Will a mistake on a rental application render a later debt to that landlord unable to be discharged in bankruptcy?
Judge Colton dealt with this issue in an adversary proceeding that a landlord filed against bankruptcy debtors. The landlord alleged that the debtors lied on their rental application.
The Rental Application:
Specifically, the debtors had listed that both the husband and wife were employed. The husband had two jobs while the wife had one job. They also disclosed that the wife was pregnant in their application.
The application also asked the debtors to “[l]ist all credit obligations with minimum monthly payment.” The debtors listed a $130.00 payment to Aarons but failed to list three other debts. The opinion did not say whether the debtors were making payments on other debts when they filled out the credit obligation.
The debtors signed paperwork allowing the landlord to obtain their credit report but the landlord failed to pull the credit report and relied only on the rental application when approving the couple for the lease.
Circumstances that Lead to Default of the Lease:
Shortly after filling out the application and moving into the property, the husband lost one of his jobs and the wife gave birth prematurely and had to quit her job to take care of their baby.
The Debtors ended up defaulting on their lease and the landlord obtained a judgment against them for $5,620.73 plus interest.
The landlord argued to the bankruptcy court that his judgment debt should not be discharged because the debtors made materially false statements to him when they listed their income on their application and when they failed to list three debts.
The Legal Overview:
The Court first noted that the creditor bears the burden of proving that debt is non-dischargeable and quotes another opinion that states:
Courts narrowly construe exceptions to discharge to allow the “honest but unfortunate debtor” to receive their statutorily prescribed fresh start.

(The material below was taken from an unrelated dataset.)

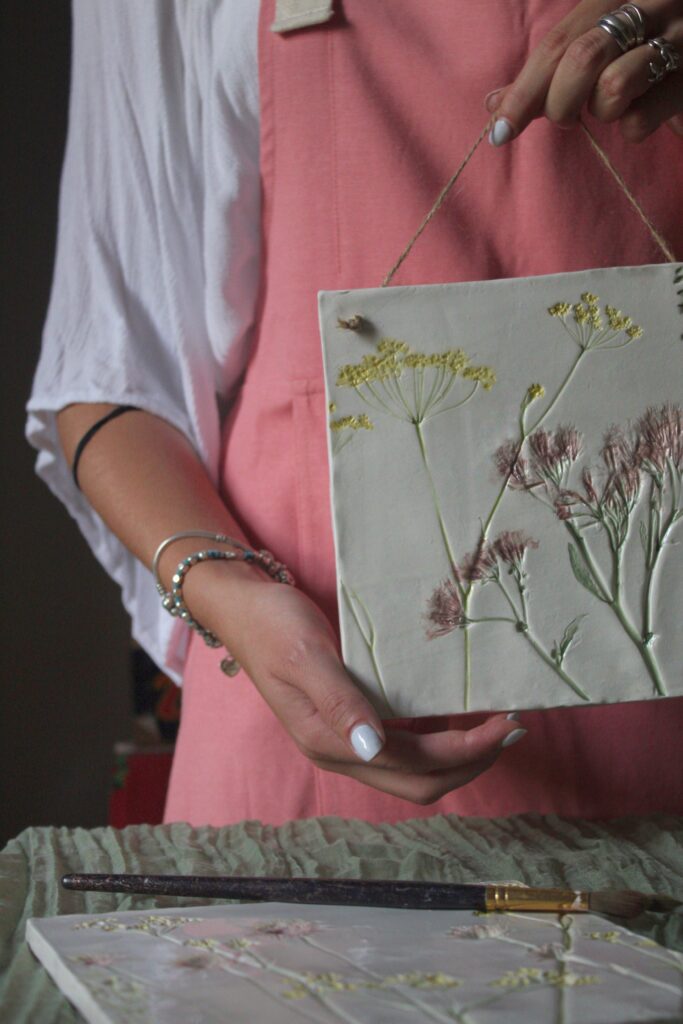 “Nella primavera del 2024 ho creato la pagina Instagram di ceramica in fiore. Mi piace pensare che grazie alla ceramica la natura abbia la possibilità di lasciare indelebili impronte, che in quanto tali sono uniche. Infatti, imprimo fiori di stagione e foglie sull’argilla con un mattarello e li rimuovo subito dopo. Poi devono asciugare per giorni, dopodiché li coloro e infine vanno cotti”.

Accordingly, if a court determines a debt is non-dischargeable the reasons “must be real and substantial, not merely technical and conjectural.” “[I]f there is room for an inference of honest intent, the question of non-dischargeability must be resolved in favor of the debtor. Criswell Chevrolet, Inc. v. Prifti (In re Prifti), Adv. No. 8:21-ap-00055-RCT, 2021 WL 3629313, at *2 (Bankr. M.D. Fla. Aug. 16, 2021) (internal footnotes with citations omitted)
Next, the Court lists the elements that the landlord must prove to prevail. Specifically, the landlord “must show that the judgment debt resulted from: (1) a materially false written statement; (2) respecting Debtors’ financial condition; (3) made by Debtors with an intent to deceive; (4) on which Plaintiff reasonably relied.
The Court’s Opinion:
The Court reasoned that the landlord in this case has failed to carry his burden of proof for two reasons.
First, the Court reviewed the financial disclosures that the debtors made retarding their income and concluded that their financial statements were accurate when they made the disclosure.
Second, the Court reviewed the debt disclosures in the application. The actual text of the question asked by the landlord was “[l]ist all credit obligations with minimum monthly payment” which the Court found “vague and confusing[.]” The landlord argued to the Court that his question should have made further disclosures even if payments weren’t currently being made on a debt which the Court rejected.
The Court ended its opinion allowing the Debtors to seek attorney’s fees under § 523(d) because of the egregious nature of the landlord’s claims.
This case illustrated the importance for consumers to fill out applications honestly and completely. It also shows the importance of drafting applications clearly so that a third party cannot construe a question to be vague or confusing.